Create a requirements.txt file and include all the necessary Python packages to build the AI application. Specify the exact versions of each package to maintain the project's stability and reproducibility.

Here’s how the requirements.txt should look:

accelerate==1.2.0
autoawq==0.2.7.post3
bentoml>=1.3.15
fastapi==0.115.6
openai==1.57.0
vllm==0.6.4.post1; sys_platform == "linux"

The bentofile.yaml file is the configuration file used to define and build the BentoML service. It includes the following components:

  • Service definition: Specifies the service name, linking the Python application file (app.py) and the service class name (BentoVLLM).
  • Labels: Adds metadata such as the owner, team, and stage to help organize and manage the service.
  • Files: Ensures the necessary Python files are included in the build process.
  • Dependencies: Installs required Python packages using the requirements.txt file.
  • Python version: Configures the Docker container to use Python 3.11 for compatibility and stability.

Add the following contents to your bentofile.yaml file:

service: 'app:BentoVLLM'
labels:
  owner: Abid
  team: DataCamp
  stage: dev
include:
  - '*.py'
python:
  requirements_txt: './requirements.txt'
  lock_packages: false
docker:
  python_version: "3.11"

Deploying the Llama 3.3 70B Application

Now comes the magical part: BentoCloud will do everything for us, and we just have to type one command. But before that, we have to log in to BentoCloud by typing the following command in the terminal.

bentoml cloud login

BentoML CLI for Cloud Login.

The CLI tool will ask you a few questions and then redirect you to the BentoCloud website to create an account and generate the API key. 

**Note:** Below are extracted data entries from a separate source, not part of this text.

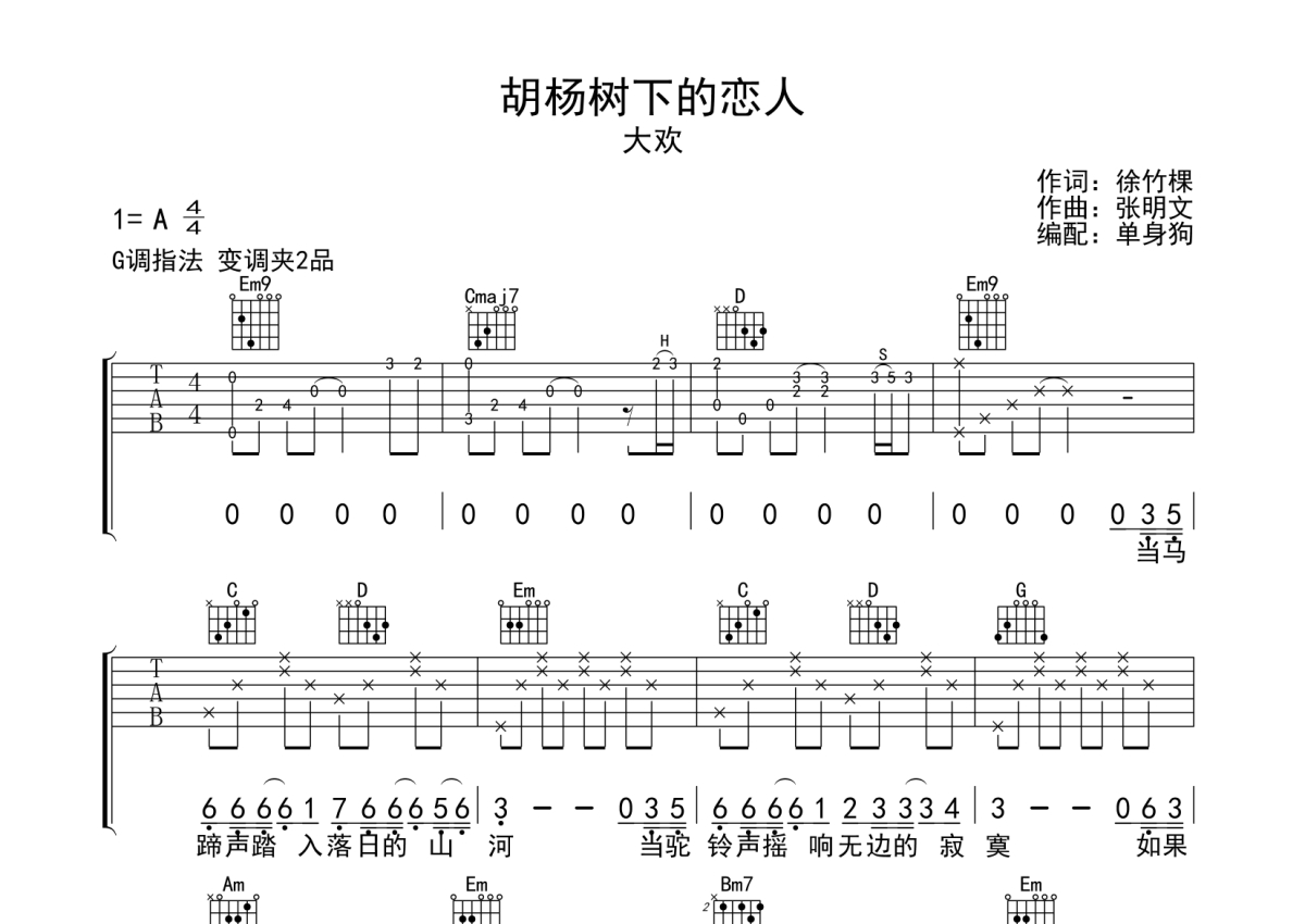 曲谱介绍: 大欢《胡杨树下的恋人》吉他弹唱谱,采用G调指法编配,单身狗编配出品,共有3张高清图谱。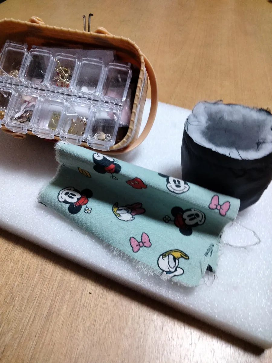 裏地はディズニー柄の布チョイス…可愛いパーツも加えました🩷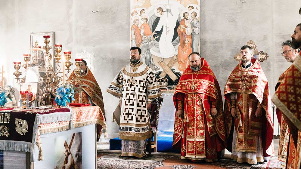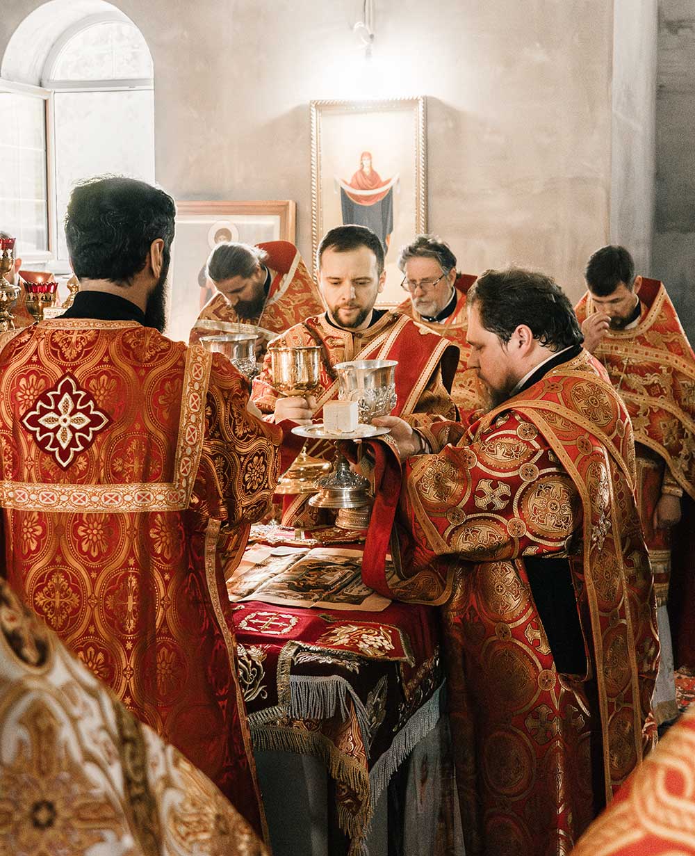 Его Преосвященству сослужили настоятель монастыря игумен Максим (Юндил), секретарь Бобруйского епархиального управления протоиерей Сергий Коровинский, благочинный Осиповичского районного округа протоиерей Василий Белоус, благочинный Бобруйского городского округа иерей Сергий Гусар, благочинный Кличевского районного округа протоиерей Сергий Андреев, настоятель храма великомученика Георгия Победоносца аг. Залужье Стародорожского района (Слуцкая епархия) протоиерей Александр Пигаль, клирик храма великомученика Георгия Победоносца г. Барановичи (Пинская епархия), преподаватель Минской духовной академии иерей Владимир Грицевич, духовенство Бобруйской епархии, братия монастыря в священном сане.

Once you have done that, it will automatically apply the API key to your CLI tools.

Creating the API key token.

Note: Deploying the full version of the 70B model requires 80GB of GPU memory. Although BentoCloud provides 10 USD in free credits, you will need to subscribe to the pro plan to access the A100 GPUs with 80GB of VRAM.

To subscribe, go to the “Billing” tab by clicking on your profile picture in the top right corner and adding your credit card details.

Don't worry; if you are careful about deployments, it won't cost you more than $6 USD. But make sure to terminate the deployment when you are finished experimenting!

Current Billing Cycle on BentoCloud

Now comes the best part: we will deploy the BentoML application to the cloud using the following command and enable access authorization. This means that only users with the BentoML API key can access this API server.

bentoml deploy . --access-authorization true

It will take a few seconds for all the files, configurations, and other necessary components to be sent, after which BentoCloud will manage the rest.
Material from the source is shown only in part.